EXERCISE: Transcribe the listing below only from the line with "Säljer en supercool" up to and including the line with "Ви також можете".

INFORMATION SUPPLIED:
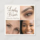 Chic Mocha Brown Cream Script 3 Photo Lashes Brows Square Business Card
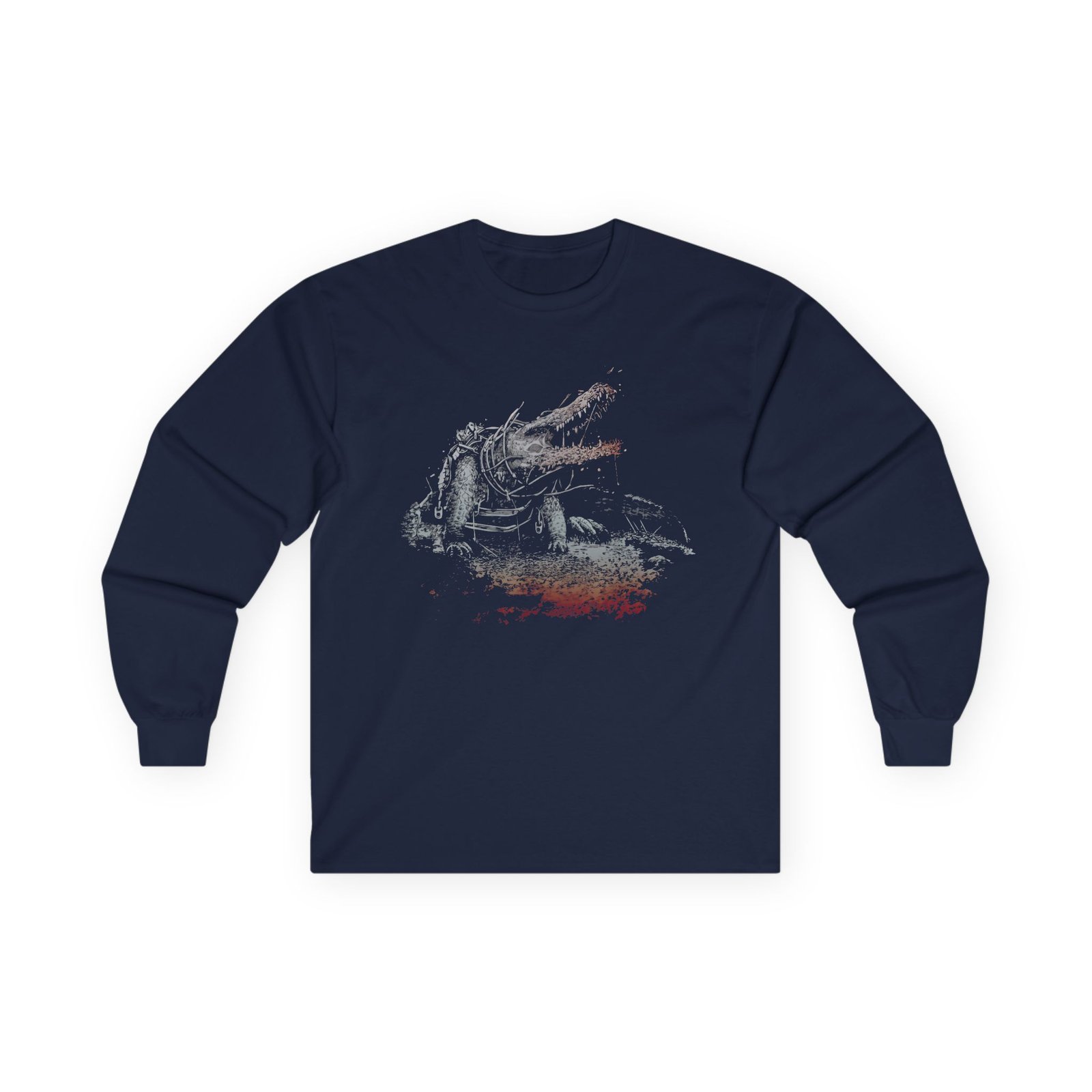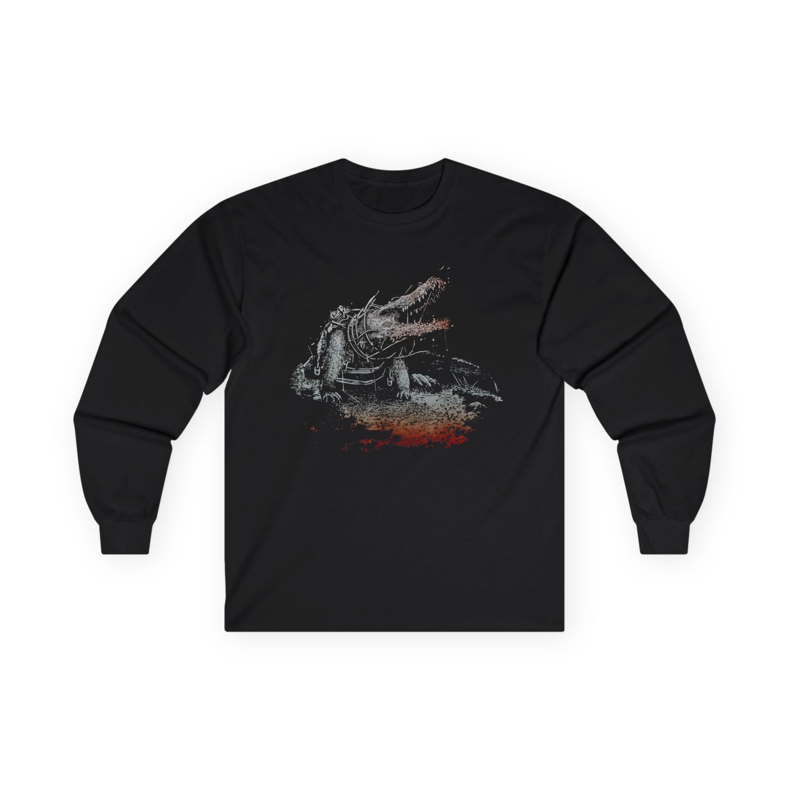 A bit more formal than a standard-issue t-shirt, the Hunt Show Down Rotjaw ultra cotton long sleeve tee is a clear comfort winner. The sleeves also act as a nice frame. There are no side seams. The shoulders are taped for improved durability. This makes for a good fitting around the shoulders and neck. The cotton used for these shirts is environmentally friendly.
==
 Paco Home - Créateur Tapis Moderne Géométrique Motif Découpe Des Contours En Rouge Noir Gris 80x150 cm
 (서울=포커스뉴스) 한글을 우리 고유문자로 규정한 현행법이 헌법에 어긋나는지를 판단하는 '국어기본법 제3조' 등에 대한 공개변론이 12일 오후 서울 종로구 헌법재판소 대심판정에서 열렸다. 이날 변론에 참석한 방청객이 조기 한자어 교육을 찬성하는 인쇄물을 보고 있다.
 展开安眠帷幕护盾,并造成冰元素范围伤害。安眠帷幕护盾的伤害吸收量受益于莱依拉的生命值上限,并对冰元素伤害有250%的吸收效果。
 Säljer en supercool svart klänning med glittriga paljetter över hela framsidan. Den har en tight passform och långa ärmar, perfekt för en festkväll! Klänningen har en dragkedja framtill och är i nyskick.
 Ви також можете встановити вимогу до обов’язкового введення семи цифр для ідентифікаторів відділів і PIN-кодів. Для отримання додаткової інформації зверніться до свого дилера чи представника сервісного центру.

TASK ANSWER:
 Säljer en supercool svart klänning med glittriga paljetter över hela framsidan. Den har en tight passform och långa ärmar, perfekt för en festkväll! Klänningen har en dragkedja framtill och är i nyskick.
 Ви також можете встановити вимогу до обов’язкового введення семи цифр для ідентифікаторів відділів і PIN-кодів. Для отримання додаткової інформації зверніться до свого дилера чи представника сервісного центру.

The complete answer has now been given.